__Your objective__: Give again, word for word, the lines below that run from the line with "Набір футболок з" through the line with "Педали Shimano XT". Drop the pictures.

__Recorded data__:
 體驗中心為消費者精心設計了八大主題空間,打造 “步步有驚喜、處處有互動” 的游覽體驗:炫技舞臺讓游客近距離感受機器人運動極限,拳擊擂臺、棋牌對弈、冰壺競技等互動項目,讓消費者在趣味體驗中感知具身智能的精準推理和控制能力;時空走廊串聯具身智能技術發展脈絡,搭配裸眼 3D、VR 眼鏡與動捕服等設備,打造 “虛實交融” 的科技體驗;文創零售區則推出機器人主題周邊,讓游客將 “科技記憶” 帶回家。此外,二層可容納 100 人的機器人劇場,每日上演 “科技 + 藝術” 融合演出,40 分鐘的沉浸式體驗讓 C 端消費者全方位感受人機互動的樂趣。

---

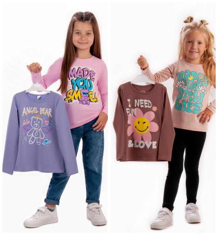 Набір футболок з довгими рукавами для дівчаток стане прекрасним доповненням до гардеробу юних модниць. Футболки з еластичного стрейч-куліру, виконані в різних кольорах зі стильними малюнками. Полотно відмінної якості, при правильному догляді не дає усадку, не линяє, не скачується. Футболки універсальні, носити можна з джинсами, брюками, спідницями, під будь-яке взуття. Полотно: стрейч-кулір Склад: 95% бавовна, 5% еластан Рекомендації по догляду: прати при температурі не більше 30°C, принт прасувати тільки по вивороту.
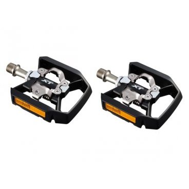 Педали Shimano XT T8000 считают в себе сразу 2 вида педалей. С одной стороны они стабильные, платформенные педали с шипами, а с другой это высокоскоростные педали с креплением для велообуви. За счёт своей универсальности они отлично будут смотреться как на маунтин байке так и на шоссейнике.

__Task answer__:
 Набір футболок з довгими рукавами для дівчаток стане прекрасним доповненням до гардеробу юних модниць. Футболки з еластичного стрейч-куліру, виконані в різних кольорах зі стильними малюнками. Полотно відмінної якості, при правильному догляді не дає усадку, не линяє, не скачується. Футболки універсальні, носити можна з джинсами, брюками, спідницями, під будь-яке взуття. Полотно: стрейч-кулір Склад: 95% бавовна, 5% еластан Рекомендації по догляду: прати при температурі не більше 30°C, принт прасувати тільки по вивороту.
 Педали Shimano XT T8000 считают в себе сразу 2 вида педалей. С одной стороны они стабильные, платформенные педали с шипами, а с другой это высокоскоростные педали с креплением для велообуви. За счёт своей универсальности они отлично будут смотреться как на маунтин байке так и на шоссейнике.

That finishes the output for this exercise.